INSTRUCTIONS TO FOLLOW
Please output every record below exactly as written, leaving out any pictures.

*** Begin section ***

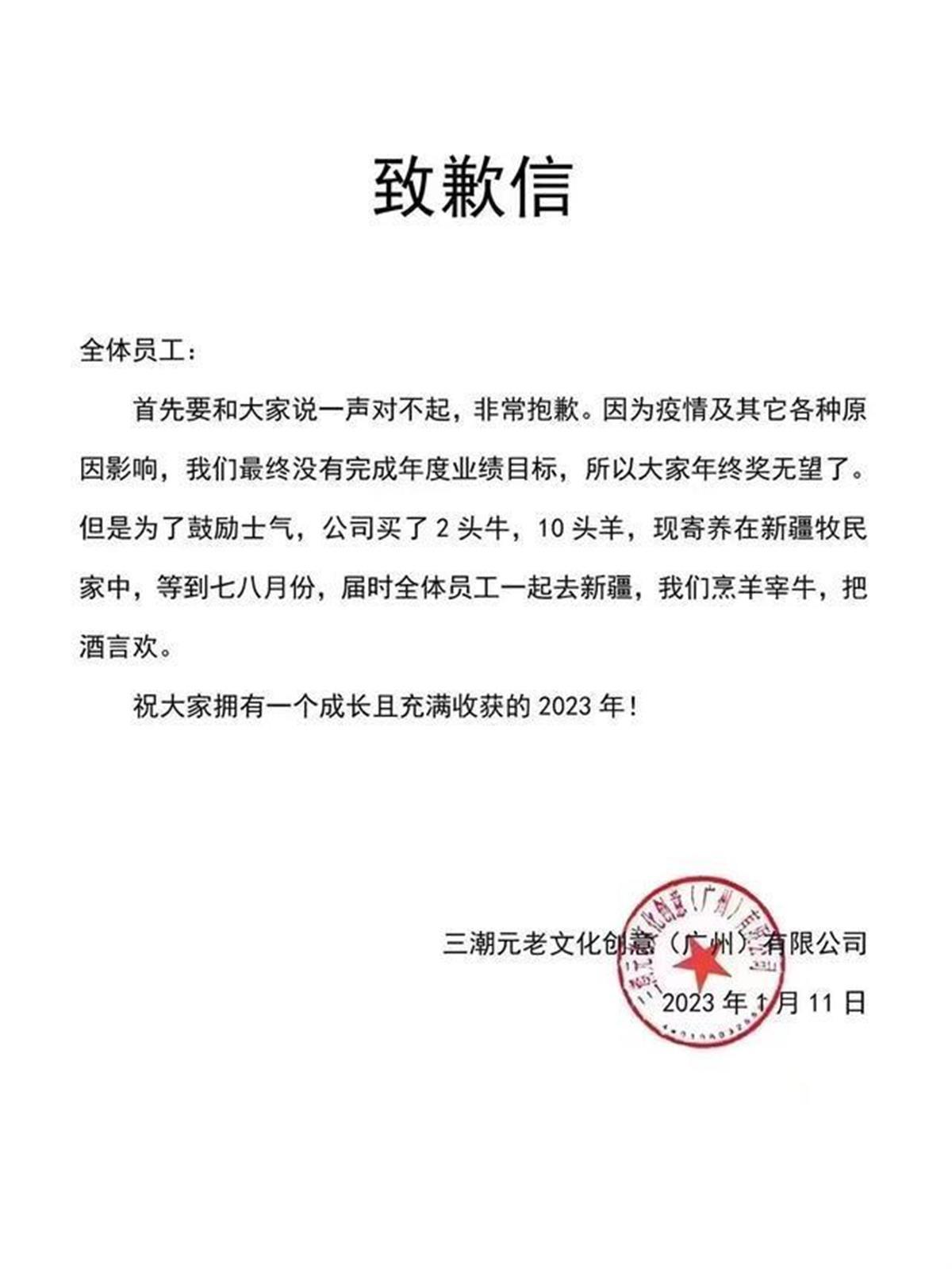 1月11日,广东广州。网曝三潮元老文化创意(广州)有限公司取消年终奖、欲邀请员工夏天去新疆聚餐的道歉信,引发关注。信中提到,公司因没有完成年度业绩目标,决定不发年终奖。但为了鼓舞士气,公司买了2头牛、10头羊,现寄养在新疆牧民家中,等到七八月份,邀请全体员工一起去新疆烹羊宰牛,把酒言欢。(据1月12日中新经纬)
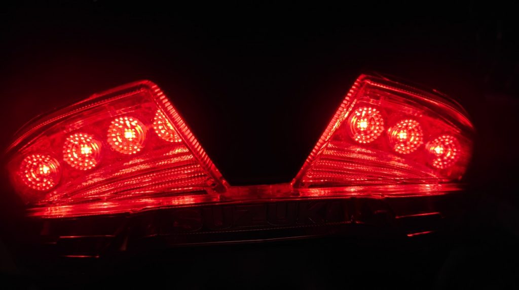 Et c’est là qu’intervient bien à propos le Traction Control non réglable –inutile avec 31cv !- mais déconnectable : il fait son office tout en douceur en interrompant l’allumage et on ne le remarque que par le clignotement du voyant dédié sur l’instrumentation. Pour stopper ce pétillant Burgman, les trois disques retenus suffisent largement ; leur puissance ne vous surprendra pas, mais leur feeling est excellent et l’ABS reste toujours discret, comme il se doit. Les noctambules apprécieront un éclairage LED puissant qui offre la particularité de bien éclairer les bas-côtés de la route, chose toujours appréciable en courbe. Notons que les clignotants restent, quant à eux, équipés d’ampoules classiques. S’agissant de confort, pilote et passager n’ont aucunement à s’en plaindre : la selle est moelleuse (un peu glissante pour le conducteur) et les suspensions s’acquittent honorablement de leur tâche, avec là aussi une mention spéciale au combiné arrière réglable en précontrainte sur 7 niveaux.
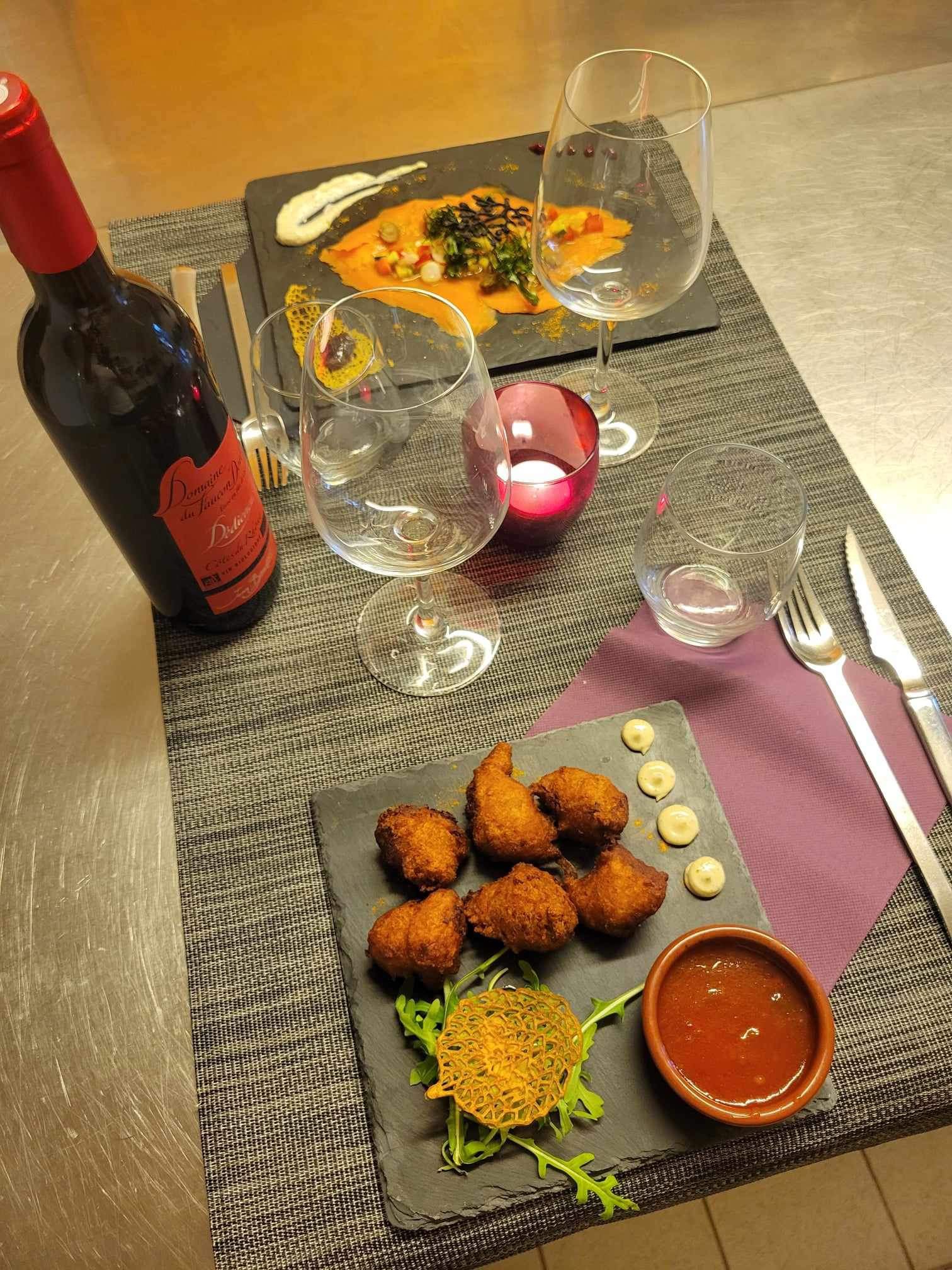 Cuisine originale, chargée du sud. Lieu atypique dans un charmant petit village. Personnel souriant, service rapide.
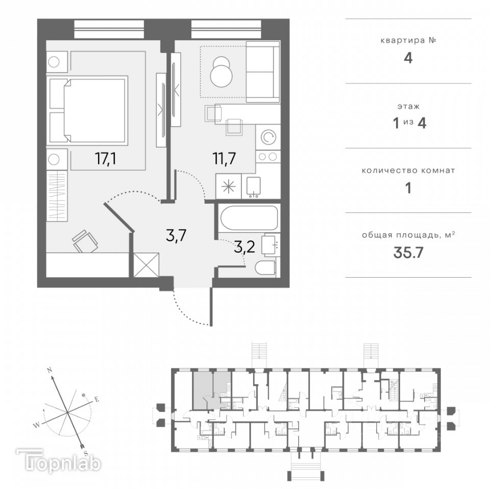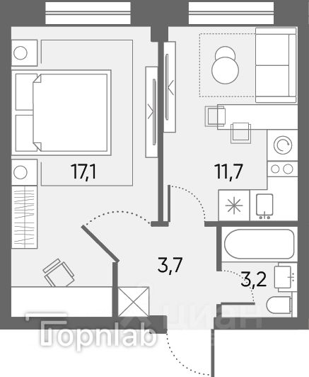 Арт. 119238409 Продается 1-но комнатная квартира площадью 35,7 кв.м. Функциональная евро-планировка, где в кухне площадью 11,7 кв.м можно разместить также и зону отдыха.Изолированная спальня площадью 17,1 кв.м позволит разместить полноценную двуспальную кровать, места хранения и рабочее место. Санузел совмещенный. В квартире возведены внутренние стены. Повышение цены с 01.11.25!
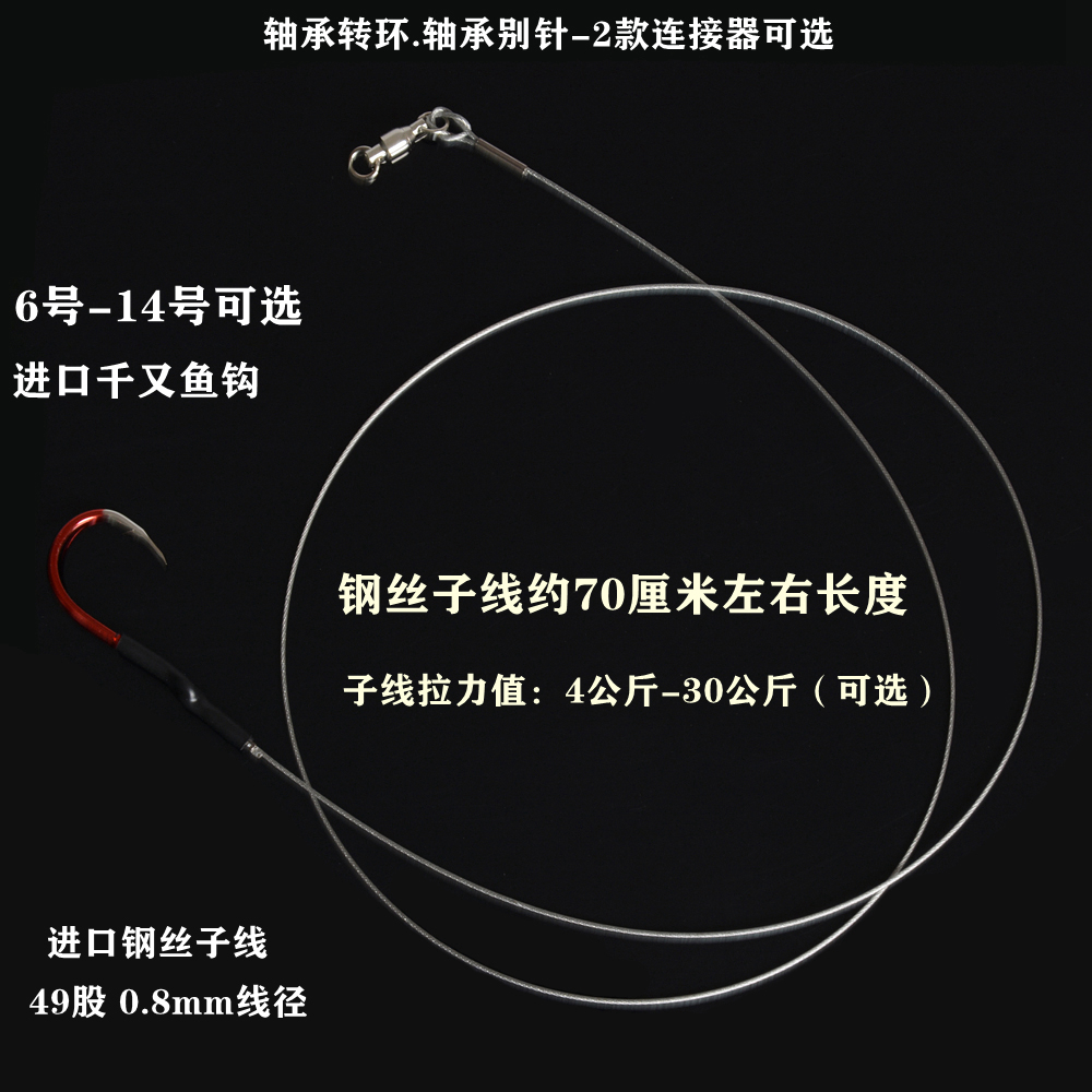 淘宝蓝瑟鸟进口千又钓鱼钢丝单钩子线防咬耐磨鱼线石斑鱼海狼海钓巨物
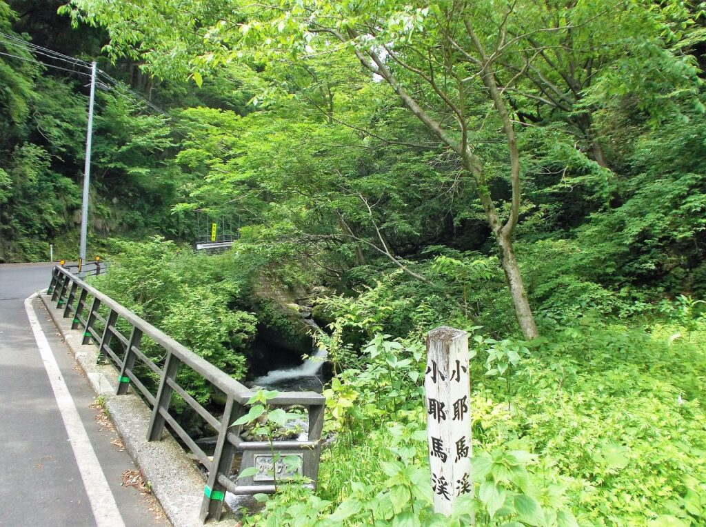 このあたりはの私都(きさいち)川は、ちょっとした渓谷美で「小耶馬渓(しょうやばけい)」と呼ばれている。ホンモノの耶馬渓は大分県の名勝で、奇岩や美しい滝で知られている。『恩讐の彼方に』で知られる青の洞門もそこにある。その景勝の名を借りた小耶馬渓について、説明板は次のように記している。
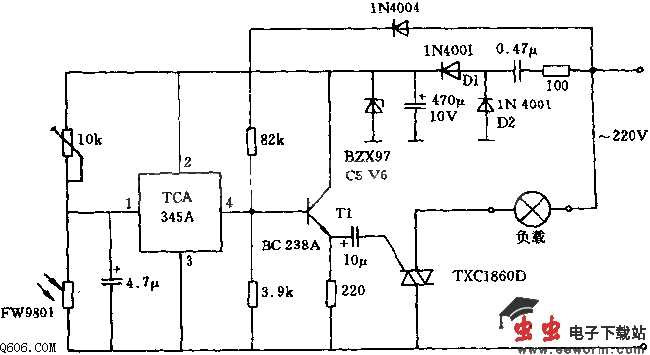 开关控制200W灯,供电电压为220V,约在光照100lx左右灯会自动开或关。在外界环境光较暗时光敏电阻呈高阻值,在阈值开关输入端的电压高于脚2处电压约0.7倍,其输出端也呈高阻值,于是电网电压通过分压电阻使后接的晶体管正半周周期导通,并在发射极处每半周期形成一个触发脉冲,使负载通电。当光照较强(大于100lx)时,阈值开关输出端变负,使晶体管及双向晶闸管门极无电流,电路不通。电路中需要的直流电压由二极管D1和D2整流后取得。控制电路需要的电流约15mA。

*** End section ***

RESULT FOR THIS EXERCISE
 1月11日,广东广州。网曝三潮元老文化创意(广州)有限公司取消年终奖、欲邀请员工夏天去新疆聚餐的道歉信,引发关注。信中提到,公司因没有完成年度业绩目标,决定不发年终奖。但为了鼓舞士气,公司买了2头牛、10头羊,现寄养在新疆牧民家中,等到七八月份,邀请全体员工一起去新疆烹羊宰牛,把酒言欢。(据1月12日中新经纬)
 Et c’est là qu’intervient bien à propos le Traction Control non réglable –inutile avec 31cv !- mais déconnectable : il fait son office tout en douceur en interrompant l’allumage et on ne le remarque que par le clignotement du voyant dédié sur l’instrumentation. Pour stopper ce pétillant Burgman, les trois disques retenus suffisent largement ; leur puissance ne vous surprendra pas, mais leur feeling est excellent et l’ABS reste toujours discret, comme il se doit. Les noctambules apprécieront un éclairage LED puissant qui offre la particularité de bien éclairer les bas-côtés de la route, chose toujours appréciable en courbe. Notons que les clignotants restent, quant à eux, équipés d’ampoules classiques. S’agissant de confort, pilote et passager n’ont aucunement à s’en plaindre : la selle est moelleuse (un peu glissante pour le conducteur) et les suspensions s’acquittent honorablement de leur tâche, avec là aussi une mention spéciale au combiné arrière réglable en précontrainte sur 7 niveaux.
 Cuisine originale, chargée du sud. Lieu atypique dans un charmant petit village. Personnel souriant, service rapide.
 Арт. 119238409 Продается 1-но комнатная квартира площадью 35,7 кв.м. Функциональная евро-планировка, где в кухне площадью 11,7 кв.м можно разместить также и зону отдыха.Изолированная спальня площадью 17,1 кв.м позволит разместить полноценную двуспальную кровать, места хранения и рабочее место. Санузел совмещенный. В квартире возведены внутренние стены. Повышение цены с 01.11.25!
 淘宝蓝瑟鸟进口千又钓鱼钢丝单钩子线防咬耐磨鱼线石斑鱼海狼海钓巨物
 このあたりはの私都(きさいち)川は、ちょっとした渓谷美で「小耶馬渓(しょうやばけい)」と呼ばれている。ホンモノの耶馬渓は大分県の名勝で、奇岩や美しい滝で知られている。『恩讐の彼方に』で知られる青の洞門もそこにある。その景勝の名を借りた小耶馬渓について、説明板は次のように記している。
 开关控制200W灯,供电电压为220V,约在光照100lx左右灯会自动开或关。在外界环境光较暗时光敏电阻呈高阻值,在阈值开关输入端的电压高于脚2处电压约0.7倍,其输出端也呈高阻值,于是电网电压通过分压电阻使后接的晶体管正半周周期导通,并在发射极处每半周期形成一个触发脉冲,使负载通电。当光照较强(大于100lx)时,阈值开关输出端变负,使晶体管及双向晶闸管门极无电流,电路不通。电路中需要的直流电压由二极管D1和D2整流后取得。控制电路需要的电流约15mA。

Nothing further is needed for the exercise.